══ Records for the exercise
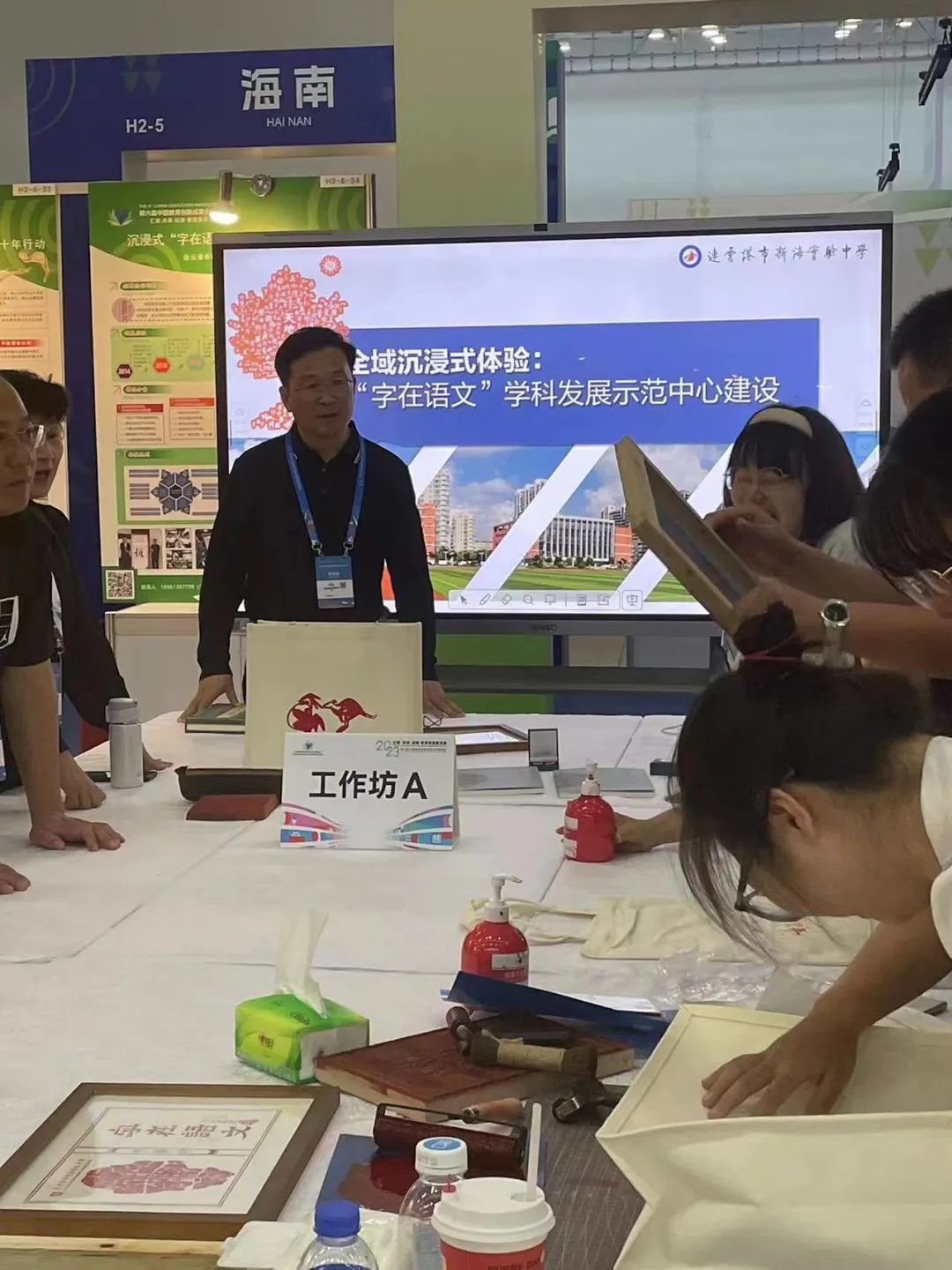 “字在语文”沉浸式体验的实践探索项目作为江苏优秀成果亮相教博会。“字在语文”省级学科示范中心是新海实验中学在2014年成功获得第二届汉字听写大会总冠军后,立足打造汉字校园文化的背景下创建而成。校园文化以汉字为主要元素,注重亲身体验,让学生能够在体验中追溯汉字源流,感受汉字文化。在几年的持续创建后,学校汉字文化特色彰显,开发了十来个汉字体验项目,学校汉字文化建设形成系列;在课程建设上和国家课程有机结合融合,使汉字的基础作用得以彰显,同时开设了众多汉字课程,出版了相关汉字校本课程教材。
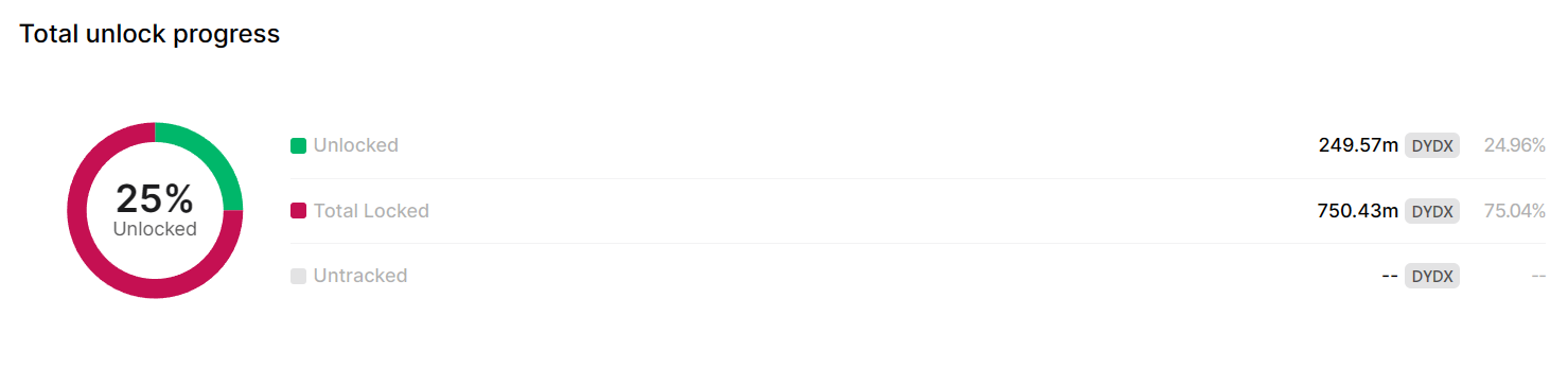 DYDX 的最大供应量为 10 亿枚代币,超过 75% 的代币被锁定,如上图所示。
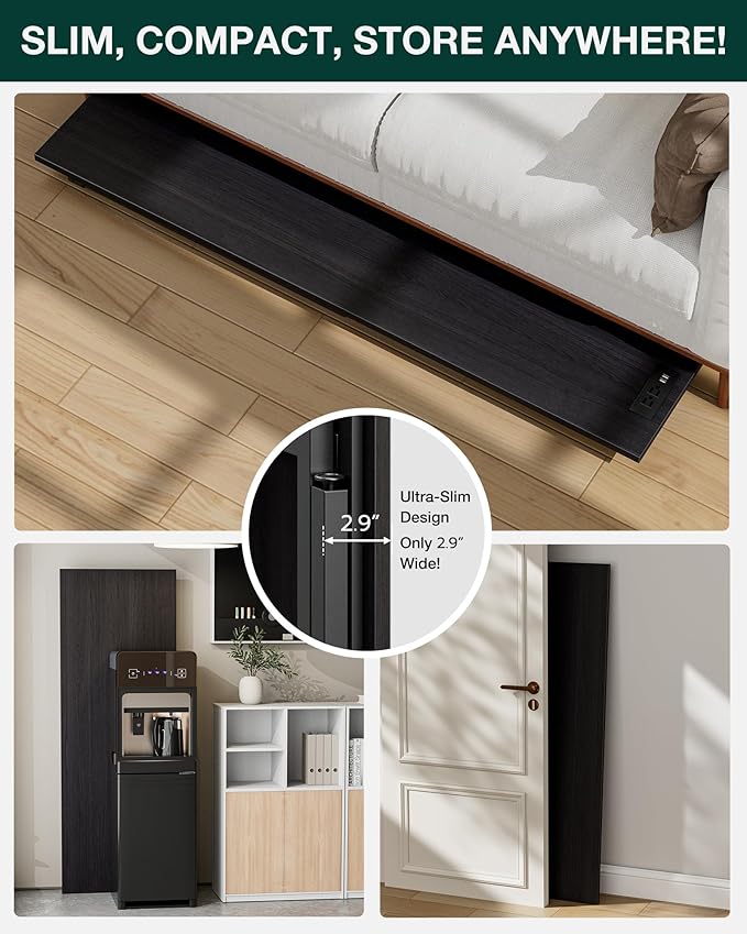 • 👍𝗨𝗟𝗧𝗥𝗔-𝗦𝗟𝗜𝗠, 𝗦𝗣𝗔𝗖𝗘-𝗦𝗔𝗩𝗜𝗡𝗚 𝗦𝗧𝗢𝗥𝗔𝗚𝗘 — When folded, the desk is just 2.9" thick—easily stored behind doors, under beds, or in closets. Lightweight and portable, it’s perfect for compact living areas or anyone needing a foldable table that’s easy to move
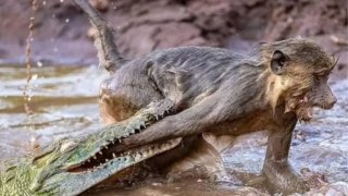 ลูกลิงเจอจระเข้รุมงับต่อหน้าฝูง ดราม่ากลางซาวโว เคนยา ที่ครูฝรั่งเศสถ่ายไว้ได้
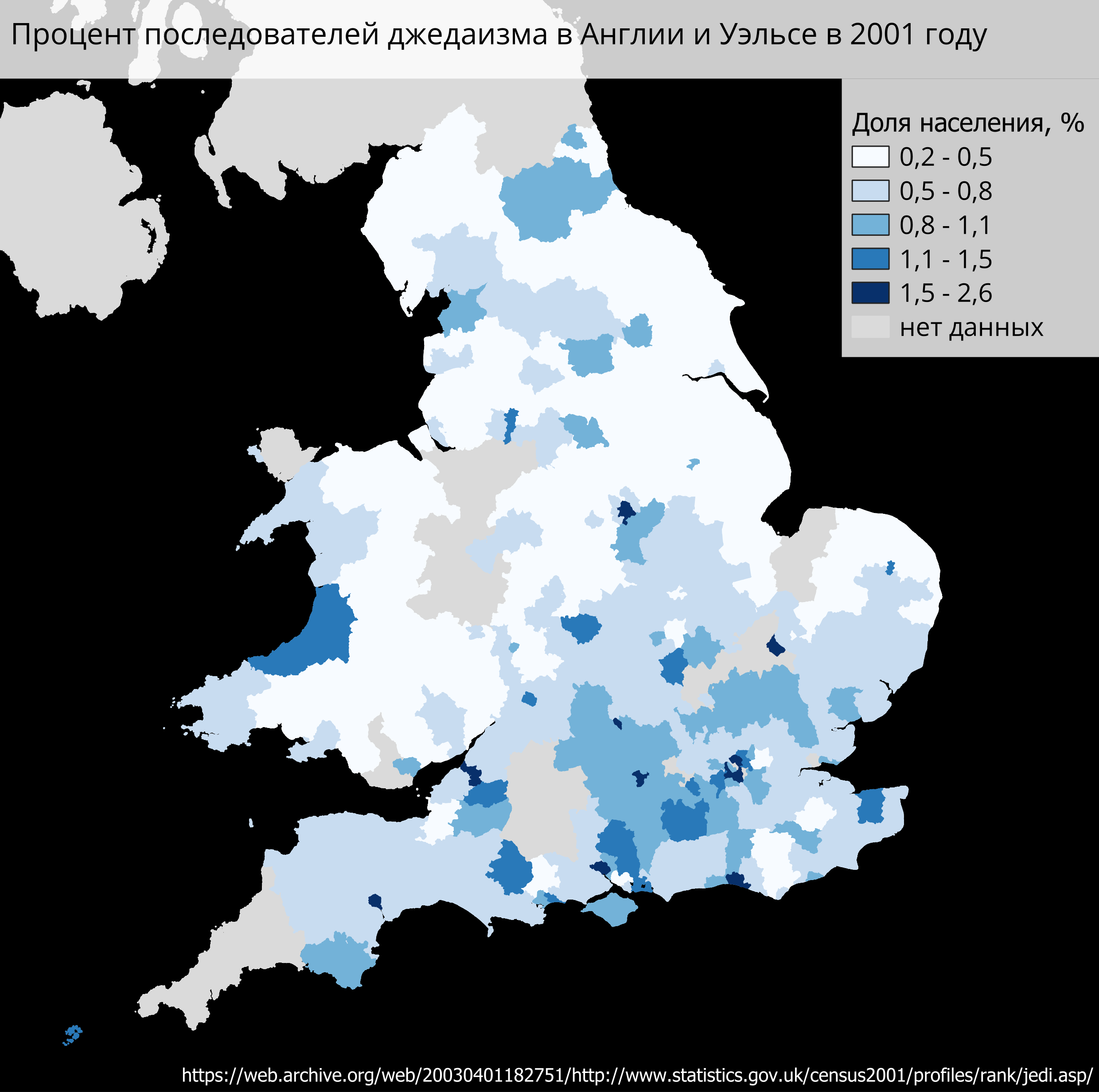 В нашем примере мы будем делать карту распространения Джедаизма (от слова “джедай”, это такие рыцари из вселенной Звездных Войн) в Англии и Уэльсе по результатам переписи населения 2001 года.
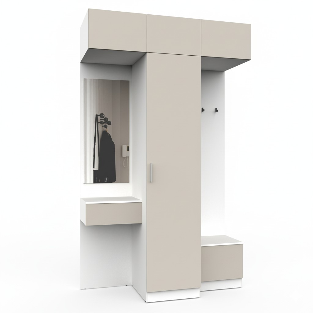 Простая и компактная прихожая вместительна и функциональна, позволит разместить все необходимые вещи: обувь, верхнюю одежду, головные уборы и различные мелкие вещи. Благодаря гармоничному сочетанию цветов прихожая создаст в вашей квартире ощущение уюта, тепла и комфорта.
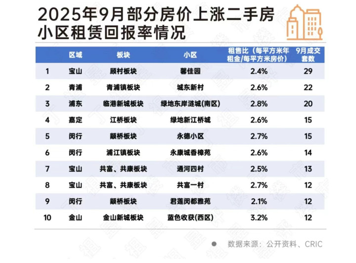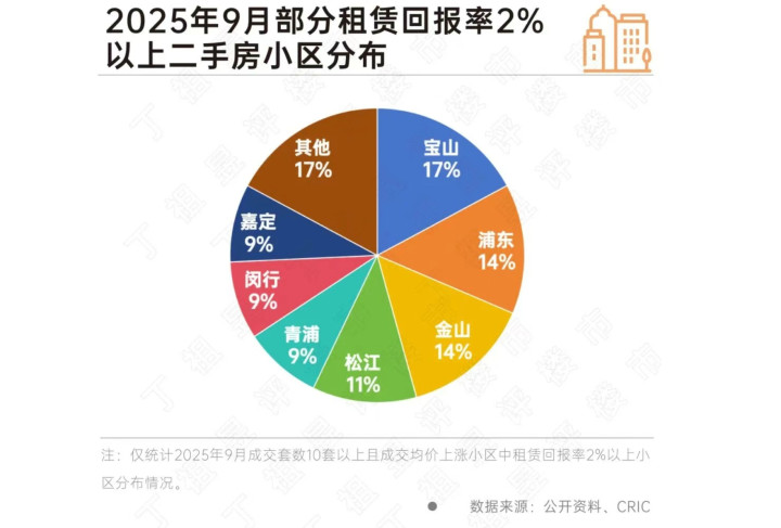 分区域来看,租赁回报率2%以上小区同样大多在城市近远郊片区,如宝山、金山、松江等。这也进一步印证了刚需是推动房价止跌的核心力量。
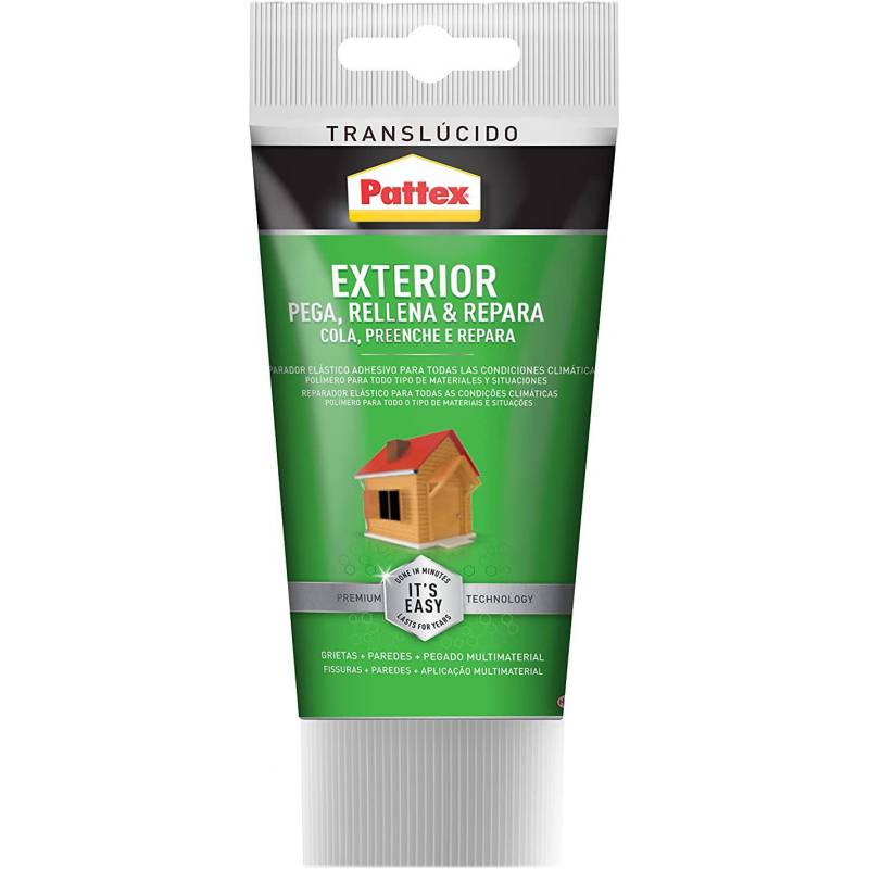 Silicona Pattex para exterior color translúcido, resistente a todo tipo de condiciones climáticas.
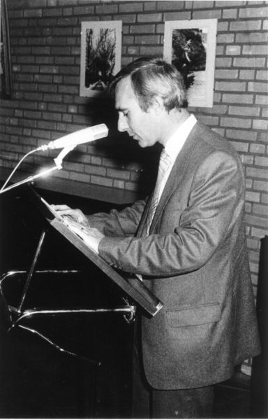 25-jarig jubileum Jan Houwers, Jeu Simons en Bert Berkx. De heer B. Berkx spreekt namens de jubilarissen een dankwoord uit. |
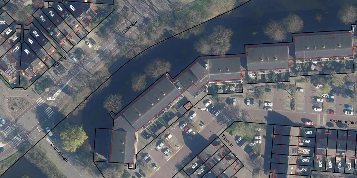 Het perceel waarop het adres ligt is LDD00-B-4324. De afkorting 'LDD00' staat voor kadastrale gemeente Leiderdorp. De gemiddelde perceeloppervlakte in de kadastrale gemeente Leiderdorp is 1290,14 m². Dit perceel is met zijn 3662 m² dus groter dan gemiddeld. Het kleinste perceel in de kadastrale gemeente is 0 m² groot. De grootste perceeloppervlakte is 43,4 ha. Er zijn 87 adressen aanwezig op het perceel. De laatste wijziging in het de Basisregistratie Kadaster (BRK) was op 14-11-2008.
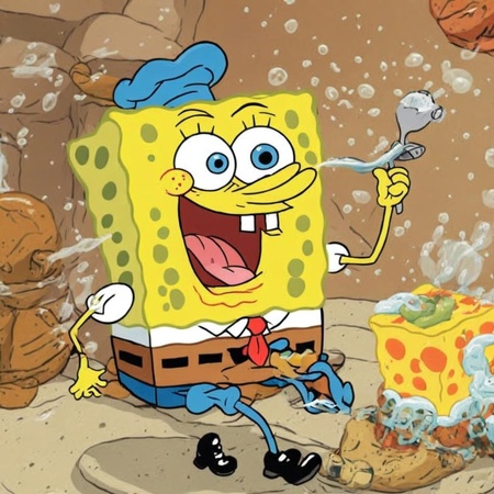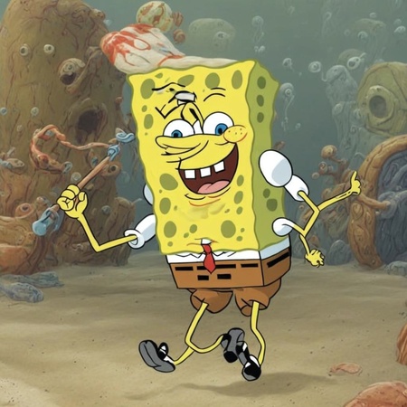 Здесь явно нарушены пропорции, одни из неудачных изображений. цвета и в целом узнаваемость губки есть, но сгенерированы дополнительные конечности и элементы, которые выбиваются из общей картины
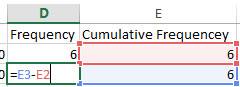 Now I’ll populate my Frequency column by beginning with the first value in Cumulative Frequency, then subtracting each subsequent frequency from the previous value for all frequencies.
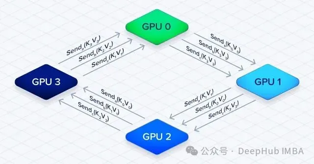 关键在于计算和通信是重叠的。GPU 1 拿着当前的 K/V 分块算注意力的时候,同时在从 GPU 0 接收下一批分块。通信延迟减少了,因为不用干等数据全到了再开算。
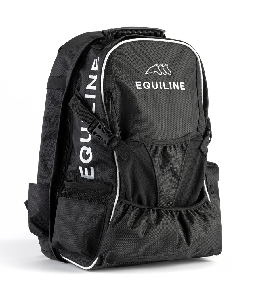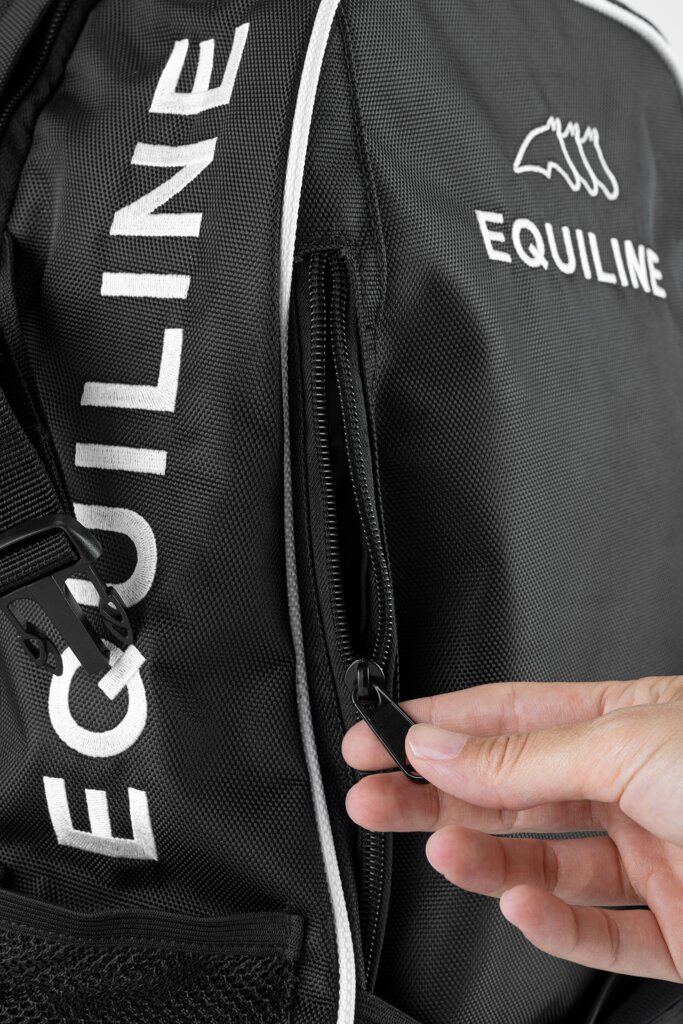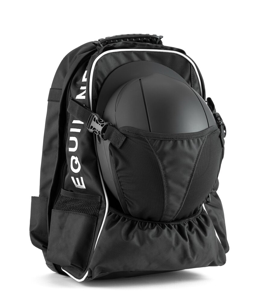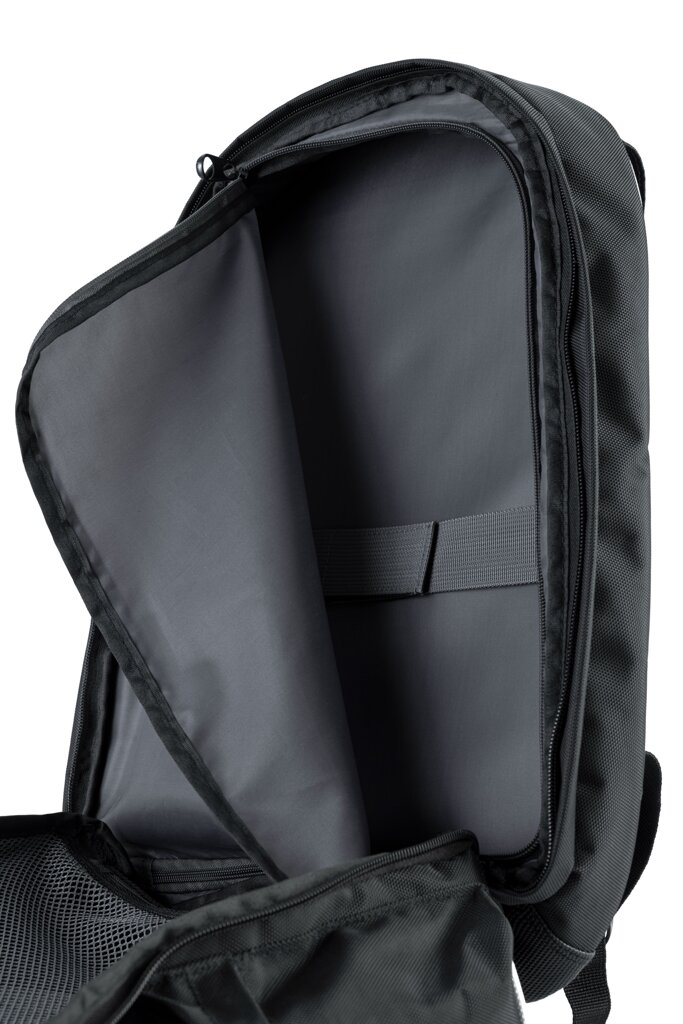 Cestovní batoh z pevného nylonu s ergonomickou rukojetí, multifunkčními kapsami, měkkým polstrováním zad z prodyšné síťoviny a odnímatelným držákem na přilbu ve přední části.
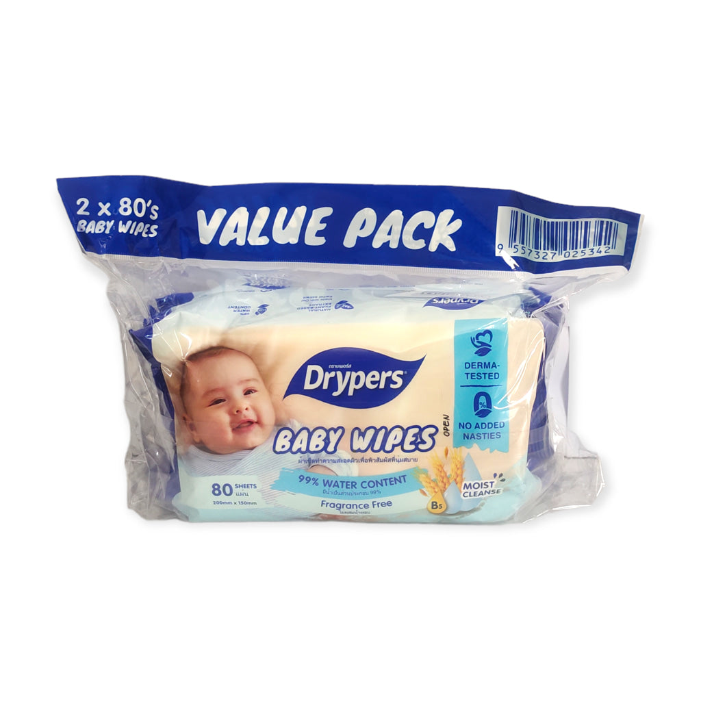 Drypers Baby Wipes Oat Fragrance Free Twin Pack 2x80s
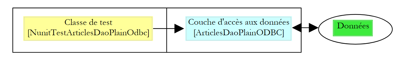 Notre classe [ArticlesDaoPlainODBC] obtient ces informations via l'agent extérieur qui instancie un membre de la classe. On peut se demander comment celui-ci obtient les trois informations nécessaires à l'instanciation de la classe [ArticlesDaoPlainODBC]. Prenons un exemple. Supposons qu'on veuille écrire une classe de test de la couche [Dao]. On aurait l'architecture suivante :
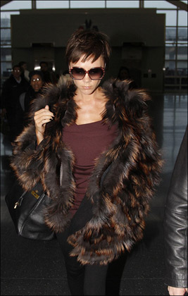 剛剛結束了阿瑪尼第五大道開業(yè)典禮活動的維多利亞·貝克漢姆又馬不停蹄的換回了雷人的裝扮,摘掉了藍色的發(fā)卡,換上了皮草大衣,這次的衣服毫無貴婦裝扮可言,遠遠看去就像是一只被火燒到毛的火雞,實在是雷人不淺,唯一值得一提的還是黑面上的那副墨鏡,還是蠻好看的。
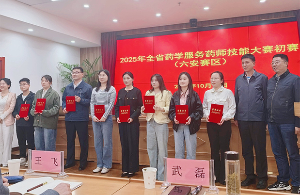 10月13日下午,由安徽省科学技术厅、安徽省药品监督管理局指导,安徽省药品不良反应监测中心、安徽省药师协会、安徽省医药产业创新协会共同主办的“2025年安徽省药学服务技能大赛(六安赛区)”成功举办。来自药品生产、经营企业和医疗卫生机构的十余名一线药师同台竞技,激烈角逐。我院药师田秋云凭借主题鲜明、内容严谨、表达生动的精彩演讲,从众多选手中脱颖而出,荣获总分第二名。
════
▶ [Exercise goal]: Lines from the start of the material through the line containing "DYDX 的最大供应量为 10 亿枚代币,超过 75% 的代币被锁定,如上图所示。" are to be restated word for word; no picture may be included.

▶ [Answer for the task]:
 “字在语文”沉浸式体验的实践探索项目作为江苏优秀成果亮相教博会。“字在语文”省级学科示范中心是新海实验中学在2014年成功获得第二届汉字听写大会总冠军后,立足打造汉字校园文化的背景下创建而成。校园文化以汉字为主要元素,注重亲身体验,让学生能够在体验中追溯汉字源流,感受汉字文化。在几年的持续创建后,学校汉字文化特色彰显,开发了十来个汉字体验项目,学校汉字文化建设形成系列;在课程建设上和国家课程有机结合融合,使汉字的基础作用得以彰显,同时开设了众多汉字课程,出版了相关汉字校本课程教材。
 DYDX 的最大供应量为 10 亿枚代币,超过 75% 的代币被锁定,如上图所示。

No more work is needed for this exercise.